Zugegeben ist das nicht realistisch, da ich noch nie einen Zukunftsplan getroffen habe und dementsprechend nicht weiß, ob er schreiben, geschweige denn lesen kann. Für mich ist er trotzdem eine stämmige und breite Person, die einem seine Hand in einer Phase der Ahnungslosigkeit reicht. Und so ist es in meinen Gedanken weiterhin erst einmal eine tröstende, schlaue und sehr sinnvolle Idee. Wer hätte denn nicht gerne so einen haltgebenden und erleichternden Zukunftsplan als Freund?

Ich denke bzw. weiß eigentlich sehr sicher, dass ich nicht alleine ahnungslos ängstlich in die Zukunft gucke und sehnsüchtig warte, bis mein Zukunftsplan an die Tür klopft und sagt: „Ich hab deine Anzeige gelesen, hier bin ich!“. Das wird leider nie passieren, dementsprechend muss ich selbst etwas für mein späteres Leben machen, und der nächste Schritt ist bei mir, die Schule mehr oder minder erfolgreich abzuschließen.
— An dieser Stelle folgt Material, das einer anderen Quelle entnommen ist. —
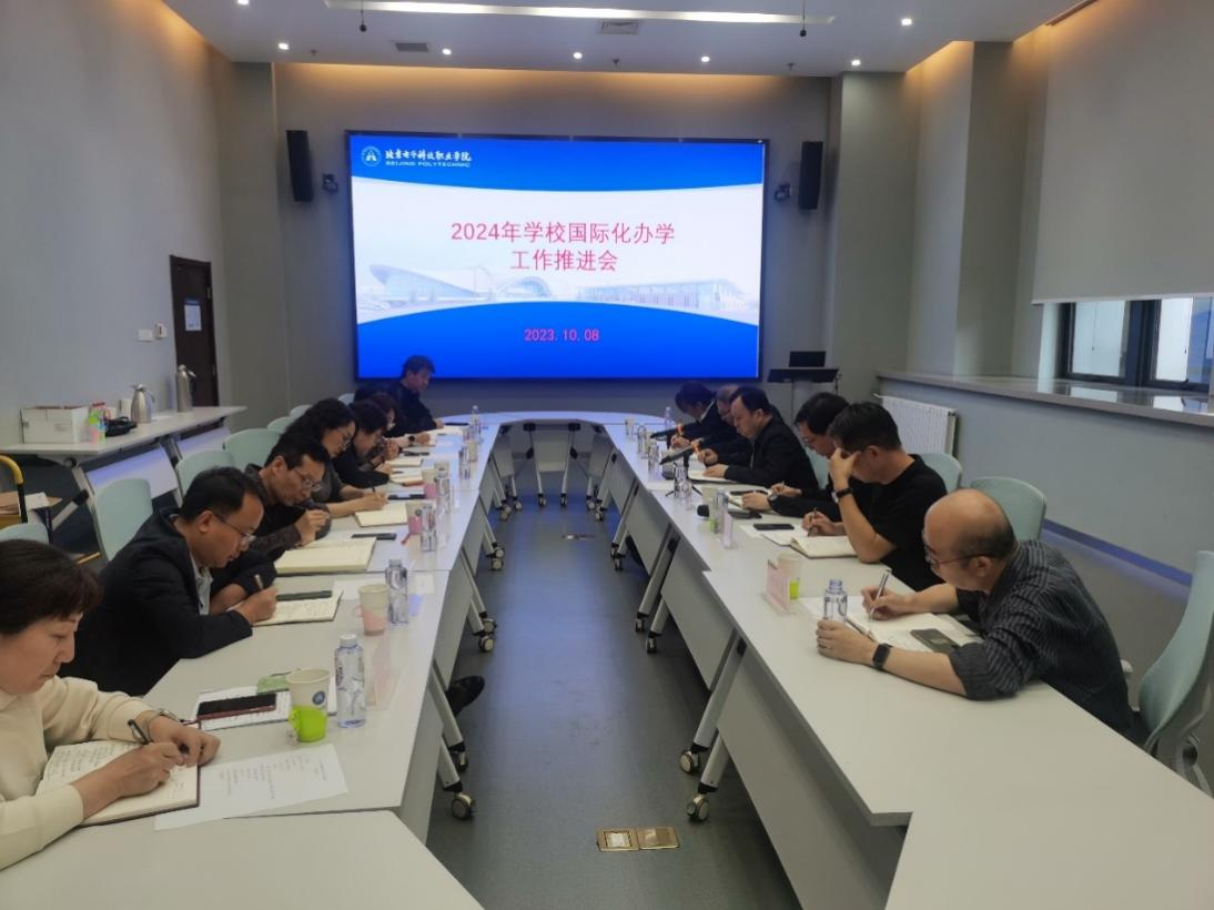 为进一步推进学校国际化办学工作,谋划好2024年国际合作项目开展,10月8日下午,学校召开2024年国际化办学工作推进会。副院长陈江锋,党委教师工作部、党委学生工作部、教务处、科技处、国际合作与交流处负责人及二级学院主管国际化办学的院领导和全体涉外教师出席会议。会议由国际合作与交流处副处长马峻主持。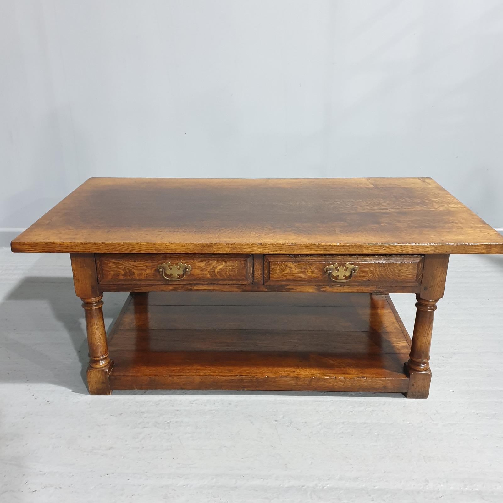 Excellent quality oak plank coffee table by Tichmarch and Goodwin of Ipswich, peg jointed throughout, plank top and undertier, two drawers with brass handles.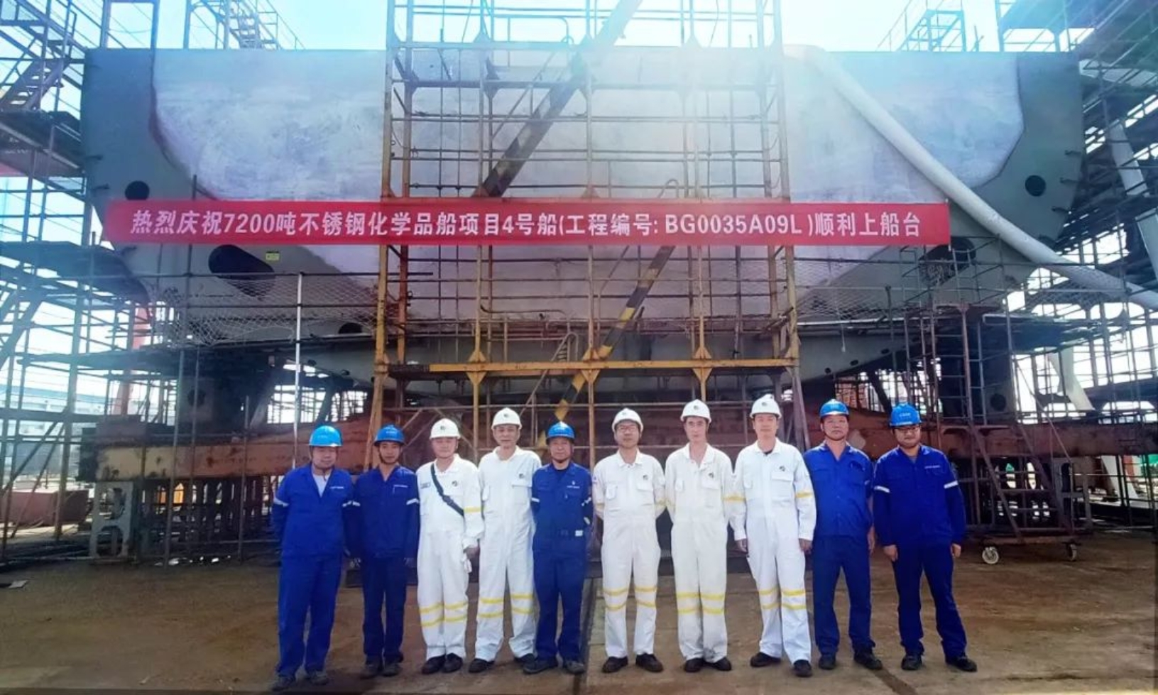 5月25日,由武昌造船建造的7200DWT化學品船4號船順利完成上船臺節點,標志著該船正式進入船臺總組合攏階段。

Schade also, dass ich mich früher oder später doch mit Kant und seiner Auffassung von Ethik und all den anderen wichtigen Themen, die man sonst so in der Schule behandelt, auseinandersetzen muss.

Für heute bin ich also erst mal fertig, meine Spitzenfähigkeit auszuüben. Aber wer weiß, vielleicht komme ich meinem passenden Zukunftsplan bald einen Schritt näher. Was vergleichsweise sicher ist, ist die Tatsache, dass jeder neue Tag auch mit neuen Möglichkeiten und Ideen kommt. Also noch ein kleiner Hinweis von mir: Wenn man heute keine Ahnung vom späteren Leben hat, dann bestimmt an einem anderen Tag.